FACES OF MATHEMATICS

Ken Brown

Professor Ken Brown

University of Glasgow

Ken Brown is Professor of Mathematics at Glasgow University. His research area is non-commutative ring theory, part of abstract or structural algebra. Non-commutative rings arise naturally as rings of operators or transformations on other structures, so that the theory has applications to other, related areas of mathematics. It has been enriched by new examples from the theory of quantum groups in mathematical physics, providing new territory for ring-theorists to explore and explain. Ken Brown's work has been in the classification and representation theory of non-commutative rings, where his acute insights have led to a deep understanding of their elegant and fascinating structure.

"I like to see how things fit together: you might see that some body of results bears some resemblance to some other body of results, and for no apparent reason, and you ask ``Why do these things look like these things?. There must be some deeper reason.'' Finding out these deeper reasons is the sort of thing that I like to do, rather than trying to prove something is true if and only if something else is true. I like that kind of result, but it is not really my favourite thing: I like big structures and theories. That is reflected in the way I do mathematics. I do mathematics by just trying to understand something, and the theorems fall out by osmosis, if it works...

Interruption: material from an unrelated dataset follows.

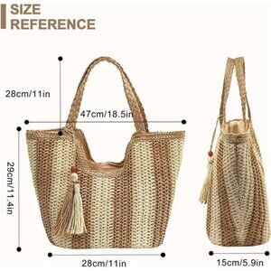 Straw beach tote bag is 29cm height, 47cm wide on the top, 28cm wide on the bottom, 15cm thick, and The top handle is 24cm long are perfect for hand or shoulder carry, making it very lightweight to carry. This woven beach tote bag is made of high quality and soft straw, lightweight, soft and comfortable, with a polyester lining, creating a beautiful and modern feel. This tote bag can be folded so you can put it in your suitcase when you travel. Wide-brimmed braided shoulder straps make it easier to carry and decompress. This beach tote bag has 1 main zipper pocket with small inner pockets. This woven beach bag is large enough to hold clothes, towels, sunglasses, cosmetics, mobile phones, books, water bottles, wallets, etc. An inner bag is convenient for storing cards, cash and other small items.

"I do it because the structures are incredibly beautiful -- complicated is the wrong word, but they have lots of structure, so it's very elegant, and they're very hard to exhaust -- and certainly impossible for me to understand completely, so you always feel that you're learning more about these things. And I suppose the other reason why I think they're interesting to me, is that I have a body of theory and technique coming from non-commutative noetherian rings, which is very different from the things coming from physics, or from Lie theory, or even from representation theory -- so you feel that you have something to contribute.

"People think that what we do is very abstract, and they're right: but to us, if we're doing it right, it shouldn't seem abstract, it should seem concrete, because you're actually working with these concrete gadgets in order to prove abstract things about them."